Wird eine dauerhafte Übersäuerung angedeutet, können säurebildende Lebensmittel reduziert und basische Lebensmittel bevorzugt werden. Zusätzlich könnte mindestens 2 bis 3 Liter Wasser und/oder Kräutertee getrunken werden. Ggf. kann die Einnahme von basischen Salzen mit Hilfe eines Basenpulvers unterstützt werden. Ebenso können basische Körperbäder (pH-Wert > 8,5) mit mindestens 30 Minuten Dauer hilfreich sein.
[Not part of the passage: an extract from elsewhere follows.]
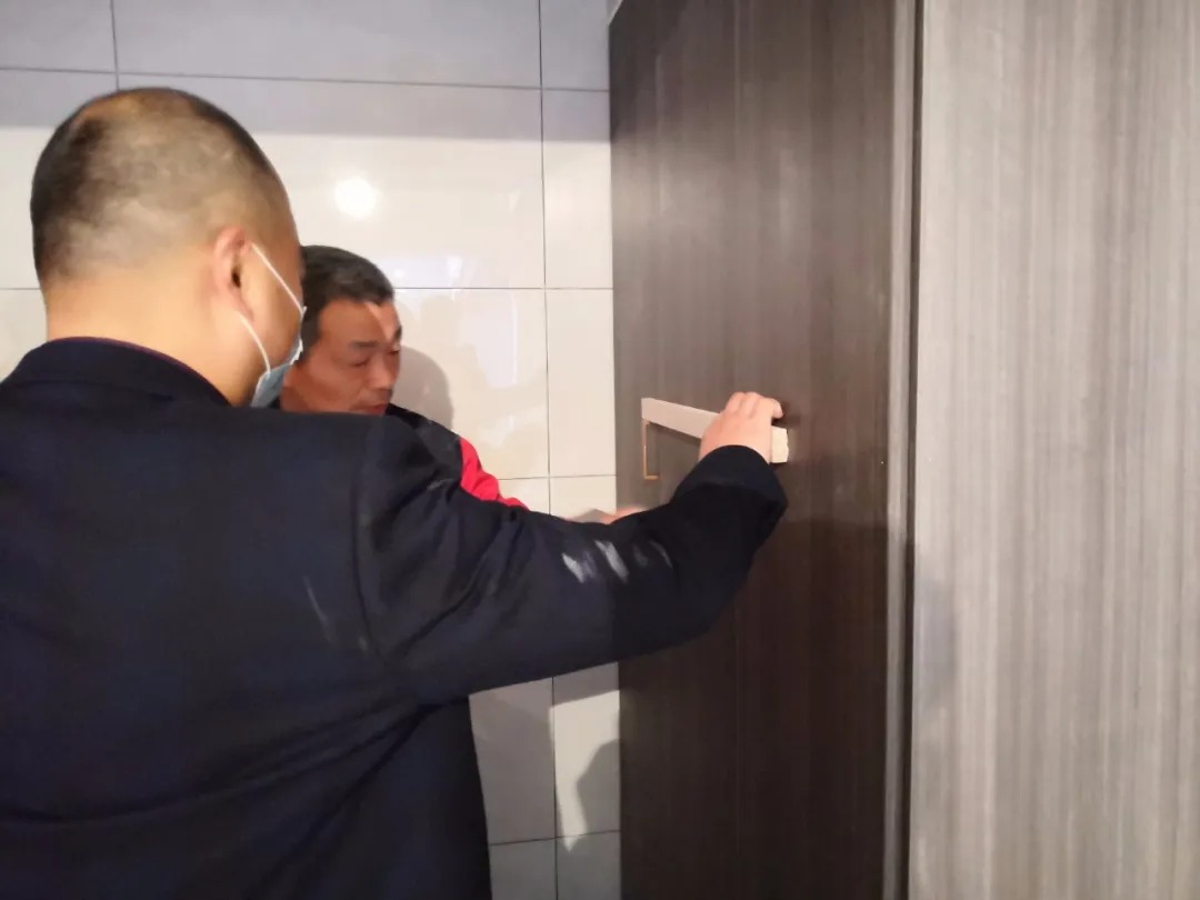 ▲用“質(zhì)檢尺”測量衣柜把手的高度是否一致

Sie fördern zudem auch die Regenration nach einem ausbelastenden Training.

Um eine Übersäuerung zu vermeiden bzw. einer chronischen Übersäuerung entgegen zu wirken, ist regelmäßige Bewegung und ein konsequente Nahrungsmittelumstellung aus basenspendenden Lebensmittel anzuraten.

  • Zu den basenspendenden Nahrungsmitteln gehören z.B.: Blatt- und Wurzelgemüse, Kartoffeln, Obst, Wildkräuter, Gewürzkräuter, rohe Milch, Wasser ohne Kohlensäure.Coaching (z.B. Gewichtsmanagement)
  • Zu den Nahrungsmitteln, die eine Übersäuerung fördern gehören z.B.: Fleisch, Innereien, Fisch, Käse, Eiweiß, Hülsenfrüchte, Spargel, Rosenkohl, Süßigkeiten, Zucker, Alkohol, Kaffe, Teigwaren und Fette.